Re: [PATCH v3 2/5] sched/deadline: Fix reclaim inaccuracy with SMP

From: Vineeth Remanan Pillai
Date: Tue May 16 2023 - 22:17:28 EST


Hi Luca,

On Tue, May 16, 2023 at 12:19 PM luca abeni <luca.abeni@xxxxxxxxxxxxxxx> wrote:
>
> > I was thinking it should probably
> > be okay for tasks to reclaim differently based on what free bw is
> > left on the cpu it is running. For eg: if cpu 1 has two tasks of bw
> > .3 each, each task can reclaim "(.95 - .6) / 2" and another cpu with
> > only one task(.3 bandwidth) reclaims (.95 - .3). So both cpus
> > utilization is .95 and tasks reclaim what is available on the cpu.
>
> I suspect (but I am not sure) this only works if tasks do not migrate.
>
>From what I am seeing, if the reserved bandwidth of all tasks on a cpu
is less than Umax, then this works. Even with migration, if the task
lands on another cpu where the new running_bw < Umax, then it runs and
reclaims the free bandwidth. But this breaks if running_bw > Umax and
it can happen if total_bw is within limits, but a cpu is overloaded.
For eg: four tasks with reservation (7, 10) on a three cpu system.
Here two cpus will have running_bw = .7 but third cpu will be 1.4
even though total_bw = 2.80 which is less than the limit of 2.85.

>
> > With "1 - Uinact", where Uinact accounts for a portion of global free
> > bandwidth, tasks reclaim proportionately to the global free bandwidth
> > and this causes tasks with lesser bandwidth to reclaim lesser when
> > compared to higher bandwidth tasks even if they don't share the cpu.
> > This is what I was seeing in practice.
>
> Just to be sure: is this with the "original" Uextra setting, or with
> your new "Uextra = Umax - this_bw" setting?
> (I am not sure, but I suspect that "1 - Uinact - Uextra" with your new
> definition of Uextra should work well...)
>
I am seeing this with original Uextra setting where the global bandwidth
is accounted. With "Uextra = Umax - this_bw", reclaiming seems to be
correct and I think it is because it considers local bandwidth only.

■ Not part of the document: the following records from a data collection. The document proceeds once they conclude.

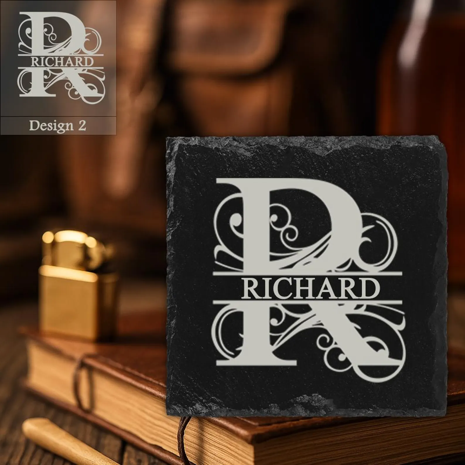 Optional slate coaster, engraved to match
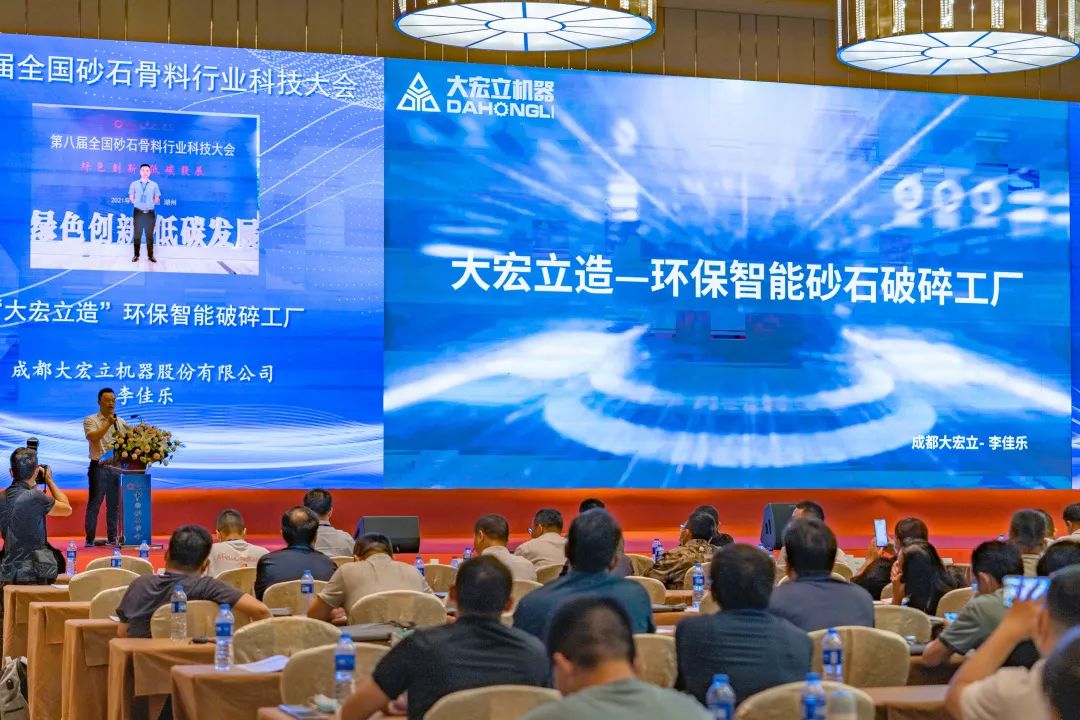 砂石骨料标准化建设主题论坛上,大宏立研发总工李佳乐作《大宏立造—环保智能砂石破碎工厂》主题报告,向与会嘉宾详细介绍了大宏立造—环保智能砂石破碎工厂特点及优势。
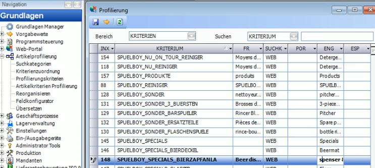 Mit dem Wert aus dem Feld "Kriterium" kann man unter "Grundlagen" → "Artikelprofilierung" → "Übersetzen" im Bereich "KRITERIEN" die gewünschte Kategorie finden und die gewünschten Übersetzungen eintragen.

> > With dq = -(max{u_i, (Umax - Uinact - Uextra)} / Umax) * dt (1)
> > TID[636]: RECLAIM=1, (r=3ms, d=100ms, p=100ms), Util: 95.08
> > TID[635]: RECLAIM=1, (r=3ms, d=100ms, p=100ms), Util: 95.07
> > TID[637]: RECLAIM=1, (r=3ms, d=100ms, p=100ms), Util: 95.06
> >
> > With dq = -(max{u_i, (1 - Uinact - Uextra)} / Umax) * dt (2)
> > TID[601]: RECLAIM=1, (r=3ms, d=100ms, p=100ms), Util: 35.65
> > TID[600]: RECLAIM=1, (r=3ms, d=100ms, p=100ms), Util: 35.65
> > TID[602]: RECLAIM=1, (r=3ms, d=100ms, p=100ms), Util: 35.65
>
> Maybe I am missing something and I am misunderstanding the situation,
> but my impression was that this is the effect of setting
> Umax - \Sum(u_i / #cpus in the root domain)
> I was hoping that with your new Umax setting this problem could be
> fixed... I am going to double-check my reasoning.
>
Even with the Umax_reclaim changes, equation (1) is the one which
reclaims upto 95% when number of tasks is less than the number of
cpus. With more tasks than cpus, eq (1) still reclaims more than
eq (2) and cpu utilization caps at 95%. I also need to dig more to
understand the reason behind this.

Thanks for looking into this, I will also study more on this and
keep you posted..

Thanks,
Vineeth